**INFORMATION SUPPLIED**
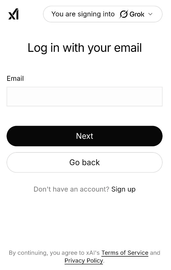 安装并打开grok后,首次使用想要先登录注册。
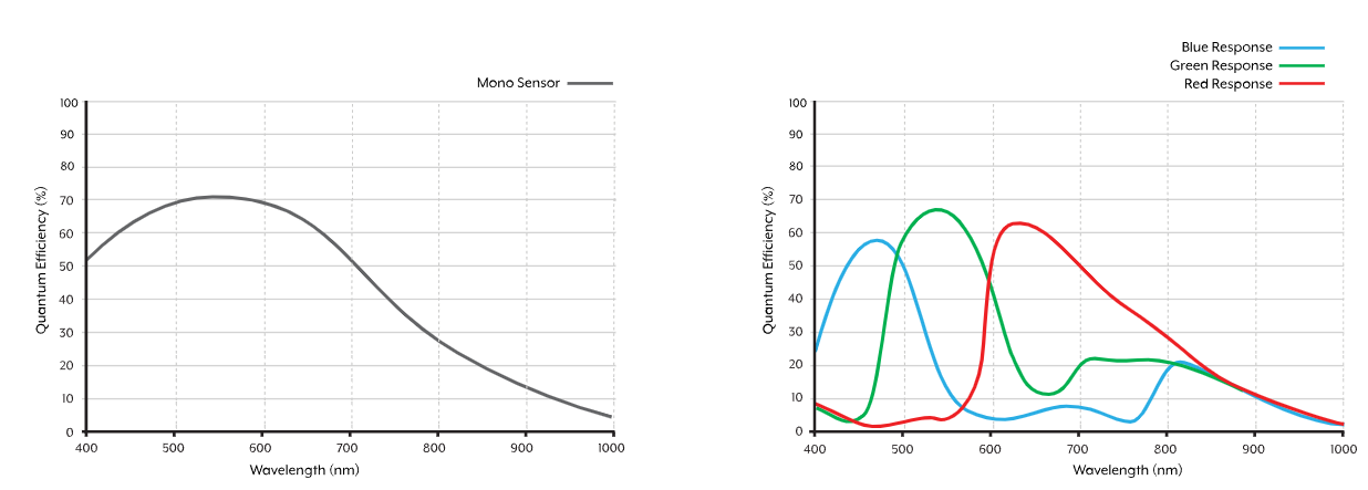 Na osi X je valna duljina (nm), a na osi Y je kvantna učinkovitost (%). Većina kamera u boji za strojni vid ima instalirane IR filtere za blokiranje IR valnih duljina, te time uklanja IC šum i križanje boja sa slike, što najbolje odgovara načinu na koji ljudsko oko tumači boju.
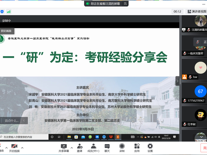 3月26日晚,第一临床医学院以线上会议方式举办考研经验分享会,该院考取南京大学、南方医科大学以及苏州大学硕士研究生的2021届临床医学专业本科毕业生宋晨宇、彭青山、刘畅应邀参加活动。

**HOW TO COMPLETE THIS TASK**
Retype the data above exactly, dropping every picture.

**ANSWER TO THIS PROBLEM**
 安装并打开grok后,首次使用想要先登录注册。
 Na osi X je valna duljina (nm), a na osi Y je kvantna učinkovitost (%). Većina kamera u boji za strojni vid ima instalirane IR filtere za blokiranje IR valnih duljina, te time uklanja IC šum i križanje boja sa slike, što najbolje odgovara načinu na koji ljudsko oko tumači boju.
 3月26日晚,第一临床医学院以线上会议方式举办考研经验分享会,该院考取南京大学、南方医科大学以及苏州大学硕士研究生的2021届临床医学专业本科毕业生宋晨宇、彭青山、刘畅应邀参加活动。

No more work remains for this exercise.